WHAT YOU NEED TO DO
What you give back should be exactly the lines from the one with "Adams State students" through the final line of the material, pictures removed; please add nothing.

DATASET EXCERPT
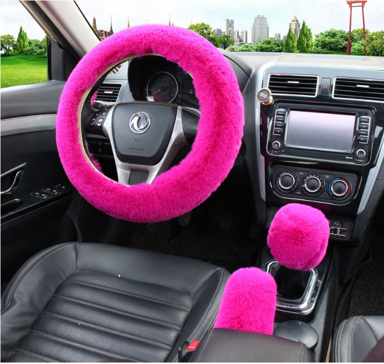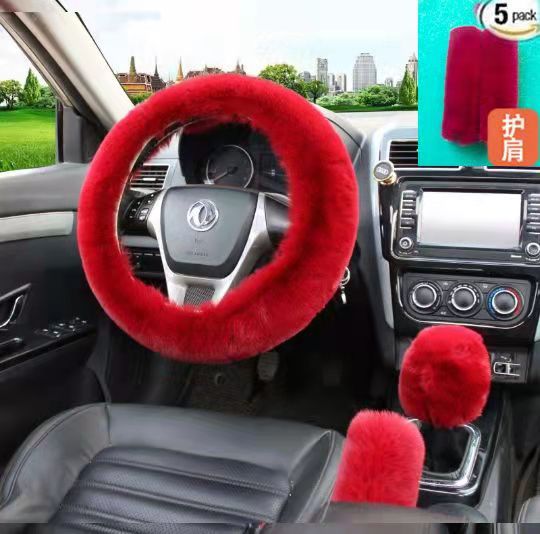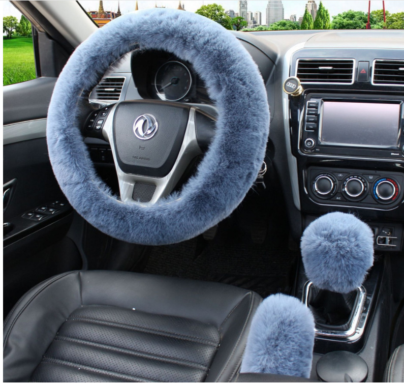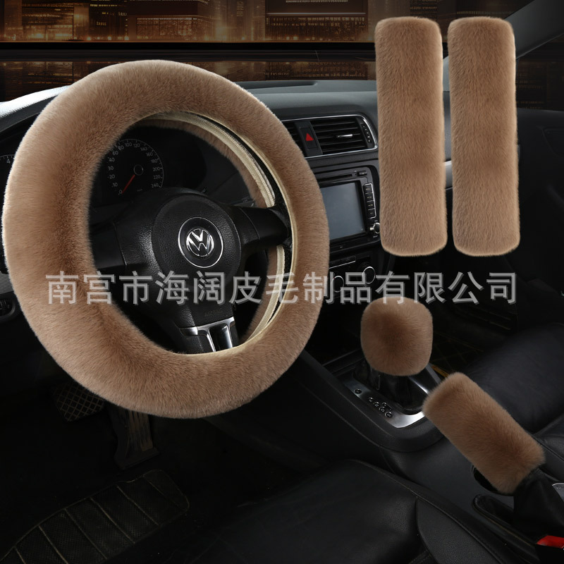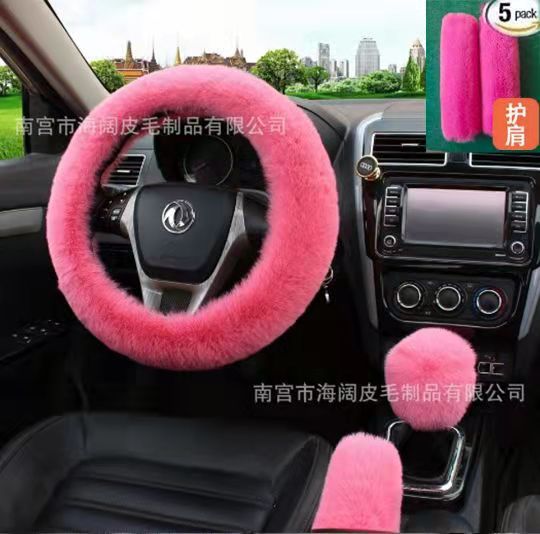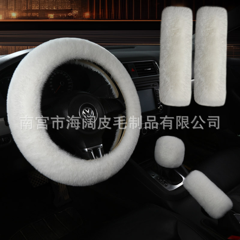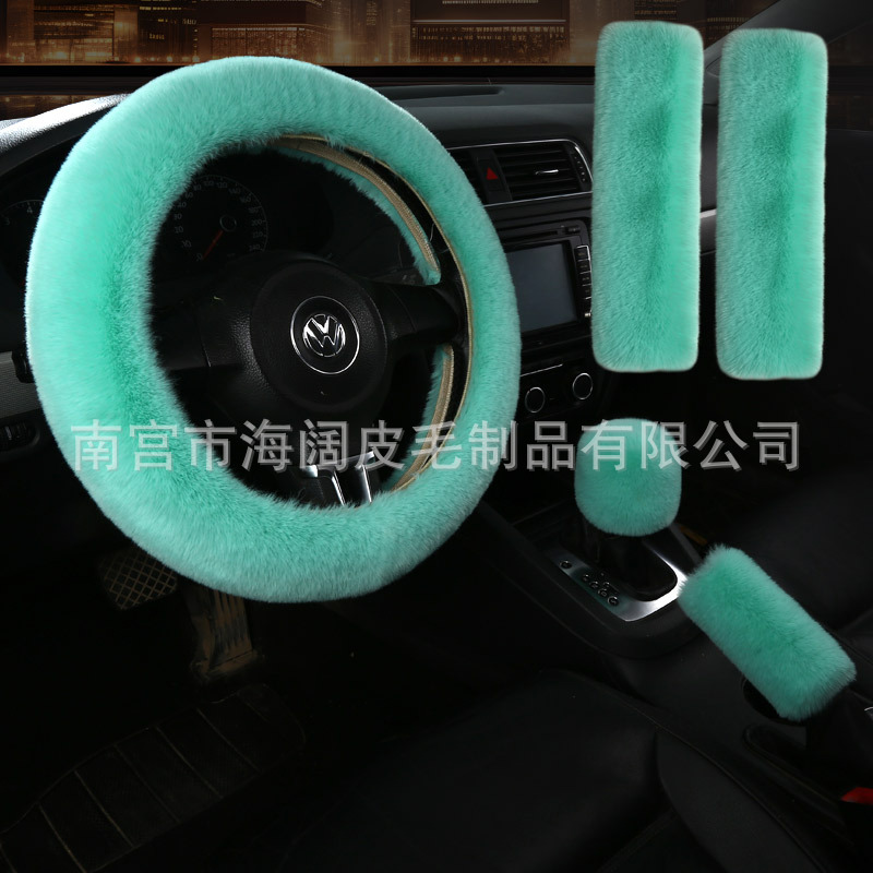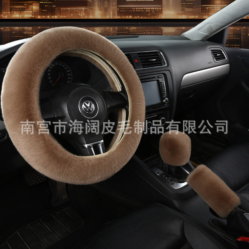 겨울 자동차 울 스티어링 휠 커버 자동차 핸들 커버 양 전단 짧은 모직 핸들 커버 렉스 토끼 플러시 스티어링 휠 커버
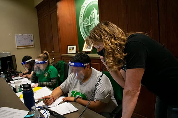 Adams State students Lindsey Sandoval, Alexis Sanchez-Duran, and Jose Villagomez, answer the phones as Executive Director of the Foundation Tammy Lopez tallies up the donations.
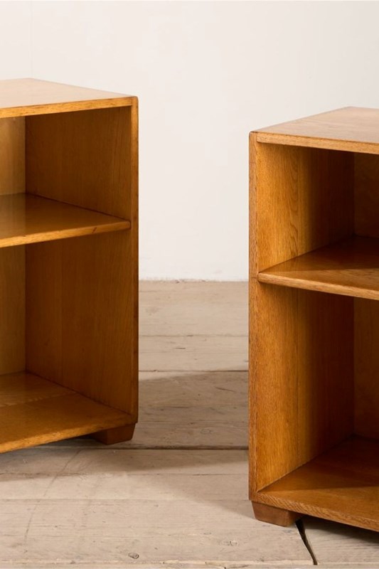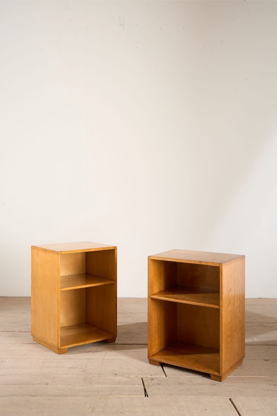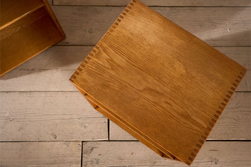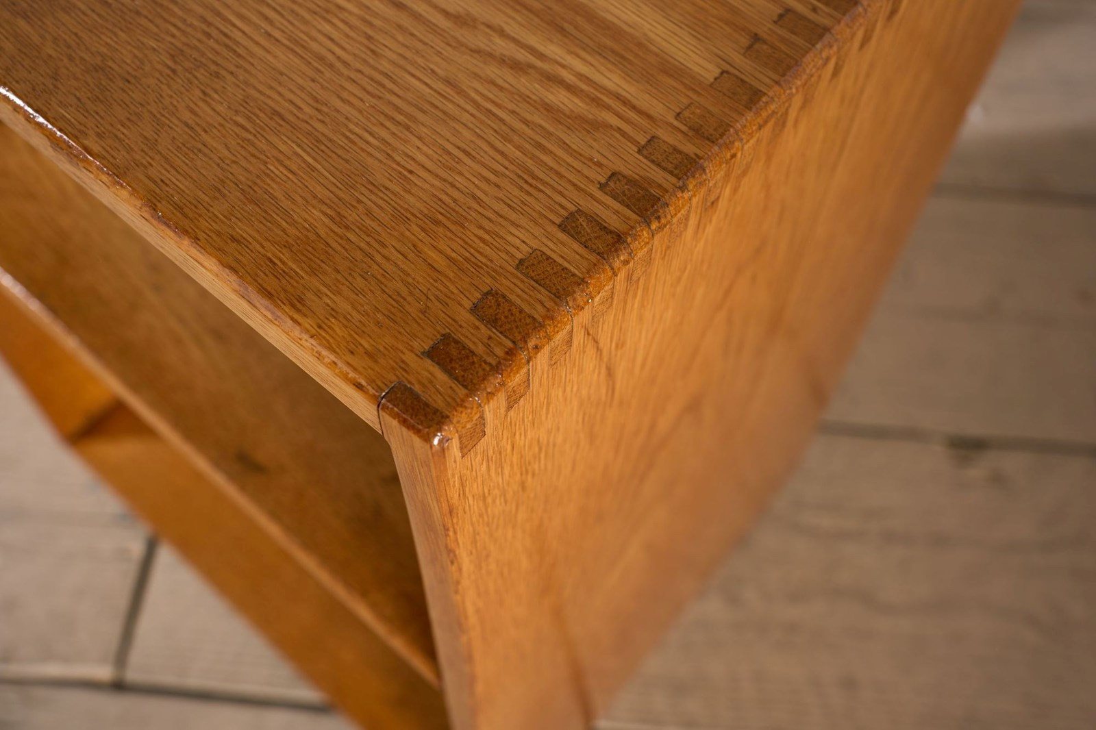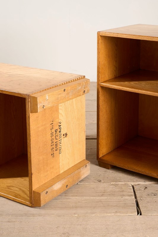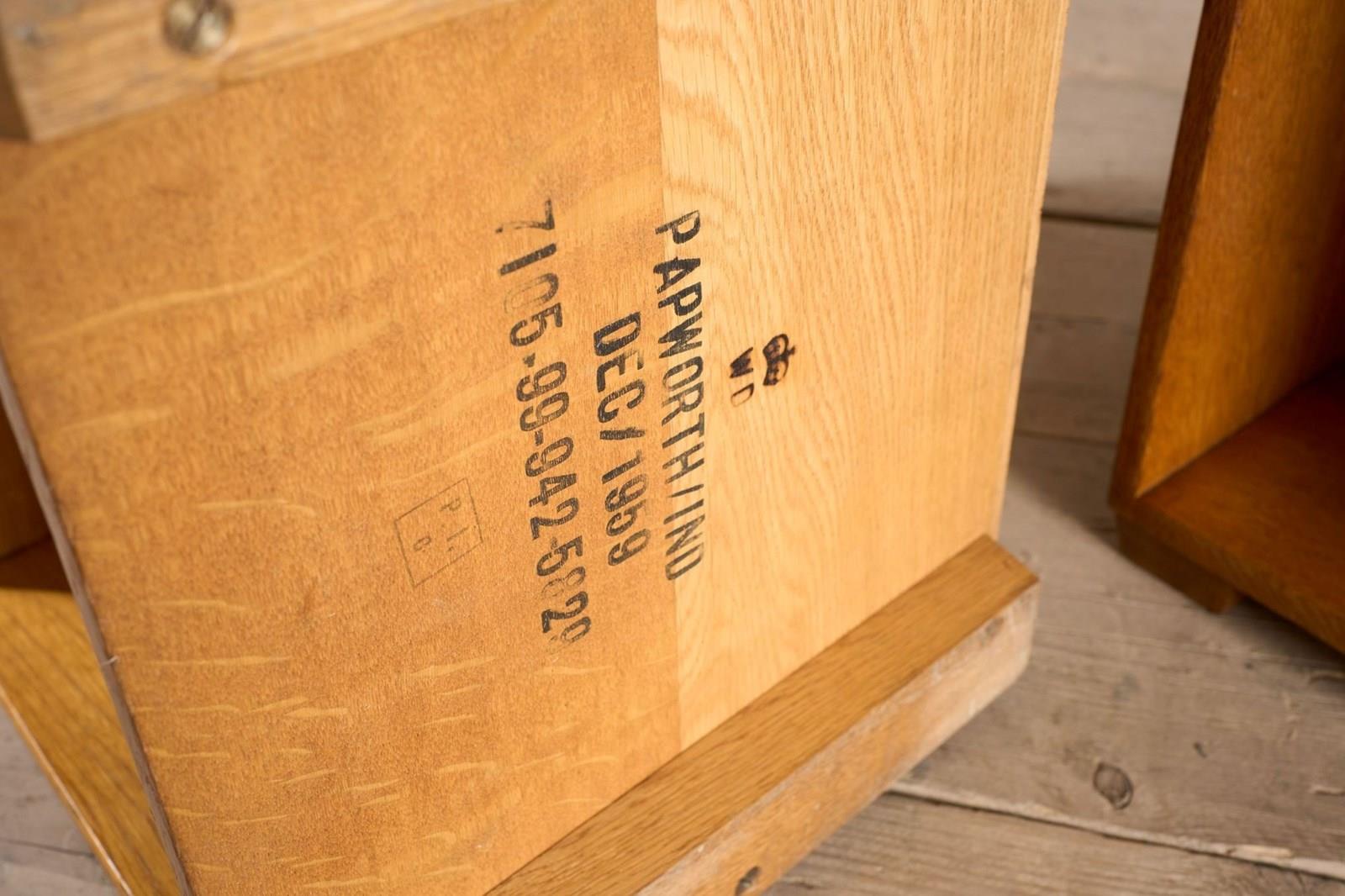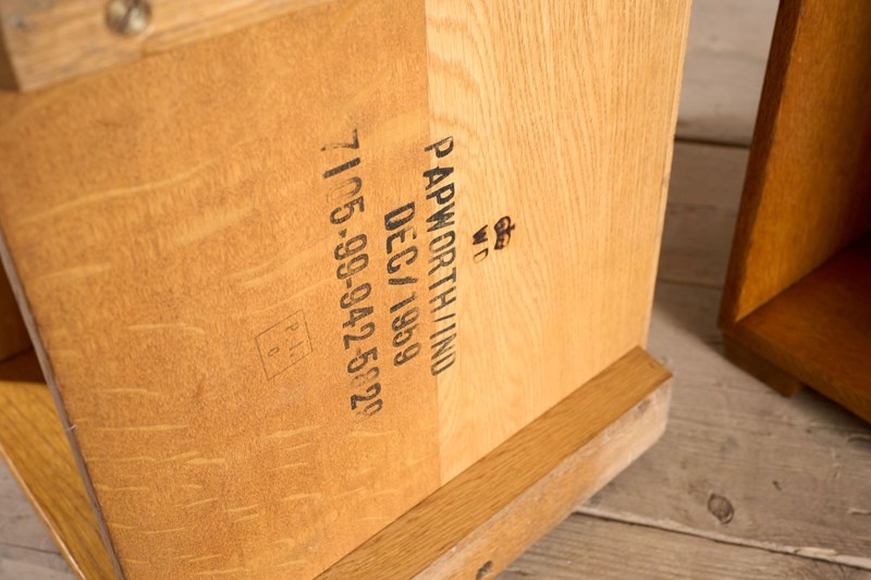 These are a great looking pair of Papworth industries war department 1959 bedside tables made from solid oak and have a striking satin finish to them. Great colour but the detail I particularly like is the dove tail joints along the sides. Overall condition is very clean with lovely age related patina. An effortlessly stylish practical design.

OUTPUT BELOW
 Adams State students Lindsey Sandoval, Alexis Sanchez-Duran, and Jose Villagomez, answer the phones as Executive Director of the Foundation Tammy Lopez tallies up the donations.
 These are a great looking pair of Papworth industries war department 1959 bedside tables made from solid oak and have a striking satin finish to them. Great colour but the detail I particularly like is the dove tail joints along the sides. Overall condition is very clean with lovely age related patina. An effortlessly stylish practical design.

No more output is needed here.